## Task description
In the material below, the lines from the one containing "The built heritage" through the one containing "Två barn sitter" are to be given again exactly, ends included, and no others.
Segment Start: Data for this exercise
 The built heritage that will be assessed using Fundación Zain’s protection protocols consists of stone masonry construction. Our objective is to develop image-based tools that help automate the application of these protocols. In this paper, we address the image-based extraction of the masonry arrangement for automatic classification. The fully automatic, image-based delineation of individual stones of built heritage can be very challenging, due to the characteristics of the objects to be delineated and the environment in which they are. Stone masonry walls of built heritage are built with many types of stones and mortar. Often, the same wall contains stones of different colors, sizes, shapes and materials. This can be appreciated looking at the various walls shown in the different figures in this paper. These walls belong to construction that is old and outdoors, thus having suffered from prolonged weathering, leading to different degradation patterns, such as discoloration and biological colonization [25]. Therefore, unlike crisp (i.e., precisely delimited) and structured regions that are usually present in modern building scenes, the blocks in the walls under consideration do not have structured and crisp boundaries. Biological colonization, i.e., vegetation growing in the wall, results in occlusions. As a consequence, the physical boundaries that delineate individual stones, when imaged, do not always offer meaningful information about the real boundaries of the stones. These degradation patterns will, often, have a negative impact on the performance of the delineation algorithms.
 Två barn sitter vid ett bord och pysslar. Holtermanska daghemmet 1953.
Segment End: Data for this exercise
Segment Start: Data for this exercise
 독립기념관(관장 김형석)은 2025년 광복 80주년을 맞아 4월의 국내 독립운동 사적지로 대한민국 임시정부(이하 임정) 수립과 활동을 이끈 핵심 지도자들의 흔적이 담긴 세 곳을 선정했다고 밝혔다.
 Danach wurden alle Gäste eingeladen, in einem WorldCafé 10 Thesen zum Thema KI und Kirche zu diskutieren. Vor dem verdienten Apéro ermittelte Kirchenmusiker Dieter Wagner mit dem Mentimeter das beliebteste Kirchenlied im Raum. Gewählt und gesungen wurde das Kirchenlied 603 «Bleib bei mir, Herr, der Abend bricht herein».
Segment End: Data for this exercise
## Result of this task
 The built heritage that will be assessed using Fundación Zain’s protection protocols consists of stone masonry construction. Our objective is to develop image-based tools that help automate the application of these protocols. In this paper, we address the image-based extraction of the masonry arrangement for automatic classification. The fully automatic, image-based delineation of individual stones of built heritage can be very challenging, due to the characteristics of the objects to be delineated and the environment in which they are. Stone masonry walls of built heritage are built with many types of stones and mortar. Often, the same wall contains stones of different colors, sizes, shapes and materials. This can be appreciated looking at the various walls shown in the different figures in this paper. These walls belong to construction that is old and outdoors, thus having suffered from prolonged weathering, leading to different degradation patterns, such as discoloration and biological colonization [25]. Therefore, unlike crisp (i.e., precisely delimited) and structured regions that are usually present in modern building scenes, the blocks in the walls under consideration do not have structured and crisp boundaries. Biological colonization, i.e., vegetation growing in the wall, results in occlusions. As a consequence, the physical boundaries that delineate individual stones, when imaged, do not always offer meaningful information about the real boundaries of the stones. These degradation patterns will, often, have a negative impact on the performance of the delineation algorithms.
 Två barn sitter vid ett bord och pysslar. Holtermanska daghemmet 1953.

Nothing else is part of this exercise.